- Born: June 10, 1943 Pittsburgh, Pennsylvania
- Occupations: Orthopedic Surgeon Sports Medicine
- Known for: Lemak Sports Medicine & Orthopedics American Sports Medicine Institute Alabama Sports Medicine & Orthopedic Center
- Spouse: Georgine Lemak
- Children: 3

= Larry Lemak =

Lawrence J. Lemak (born 1943; Pittsburgh, Pennsylvania) is an orthopedic surgeon who practices at the Lemak Sports Medicine & Orthopedics in Birmingham, Alabama. He is a sports medicine and orthopedic surgeon, specializing in arthroscopy and reconstruction of the knee, shoulder, hip and elbow.

In 1986, Lemak and his partner James Andrews founded the Alabama Sports Medicine and Orthopedic Center (ASMOC) as well as the American Sports Medicine Institute (ASMI) in Birmingham. Lemak has played an integral role in sports medicine and arthroscopy research as a founder and member of the board of directors for the American Sports Medicine Institute (ASMI).

In 2001, Lemak founded the National Center for Sports Safety, a non-profit organization dedicated to promoting the importance of injury prevention and safety in youth sports.

On October 8, 2009, the United Football League announced that Lemak would serve as Chief Medical Officer to the League.

==Affiliations==
Lemak is a member and Fellow of the American Academy of Orthopedic Surgeons (FAAOS) and member of and the American Orthopaedic Society for Sports Medicine. Lemak serves as medical director for Major League Soccer, the PGA and the LPGA and formerly for NFL Europe.

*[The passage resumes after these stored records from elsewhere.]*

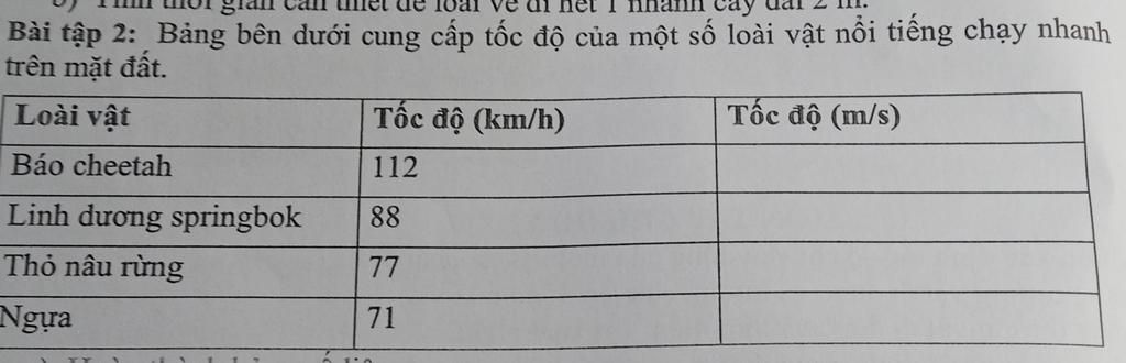 $\text{Linh dương springbok : Tốc độ 24,4444444 m/s }$
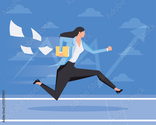 businesswoman, running, finance, work, paper, scene, folder, file, document, woman, female, runner, success, character, leadership, person, speed, corporate, leader, economic, motivation, vector, design, illustration
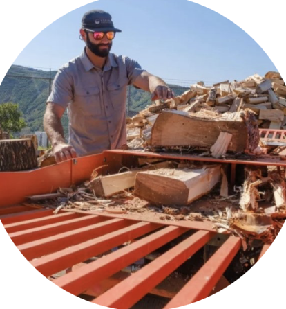 All qualifying wood is loaded and taken to our yard for individual, by hand processing.
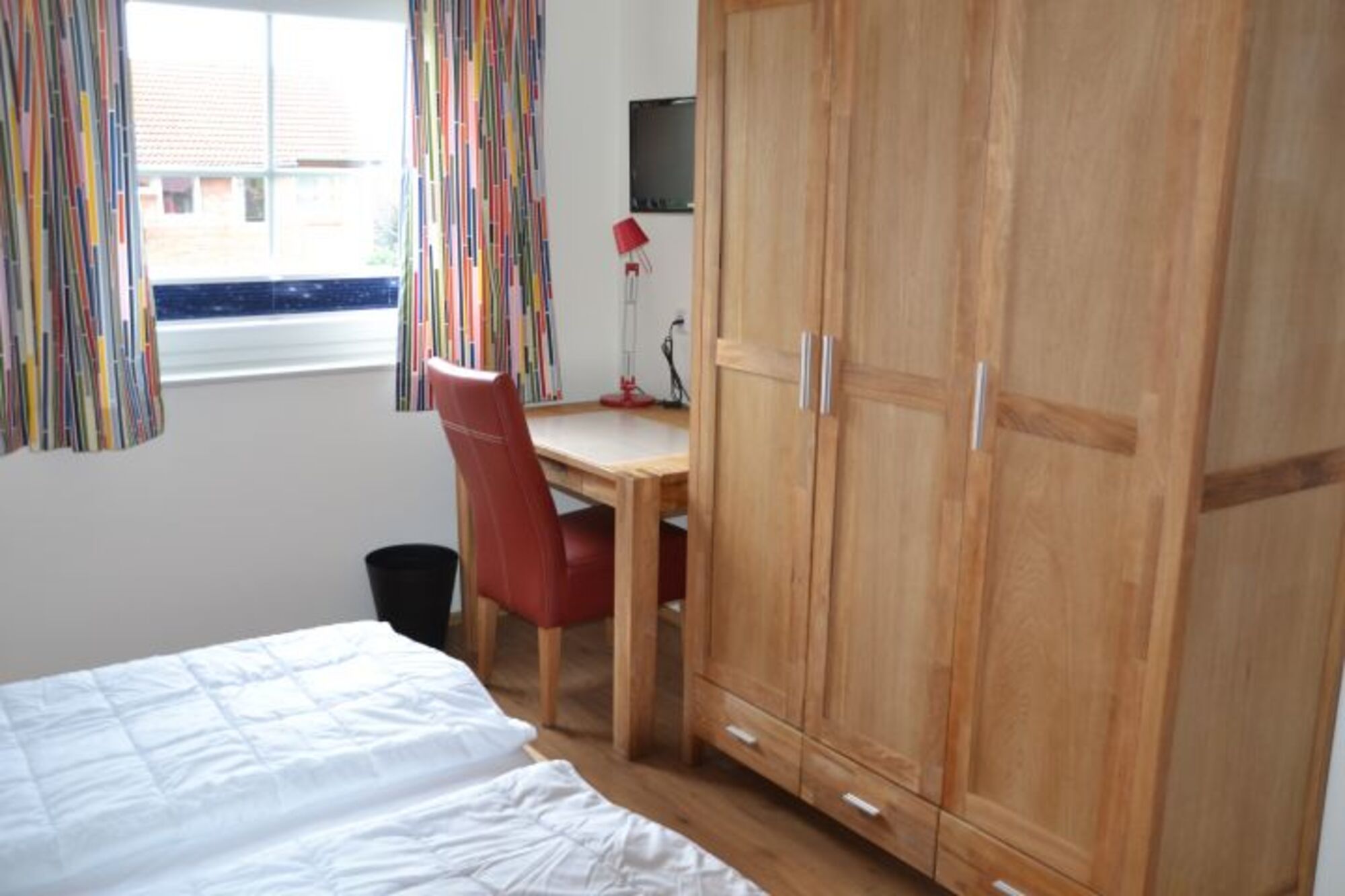 Schlafzimmer I: Doppelbett, Verdunkelungsrollos, Kleiderschrank, Fernseher, Uhren-Weckradio, Schreibtisch

Lemak serves as team physician for Auburn University, Samford University, Birmingham–Southern College, Jacksonville State University, and as the Sports Commissioner for the State of Alabama.
He is a clinical assistant professor at the University of Virginia and the University of Alabama at Birmingham. In addition, Lemak served as Chair of the Department of Orthopaedics at The University of South Florida from 2004 through 2008, and was largely responsible for re-establishing the Department of Orthopaedics at USF. A board-certified surgeon, with a Medical degree from the University of Alabama and an Orthopaedic Residency completed at the University of Pittsburgh.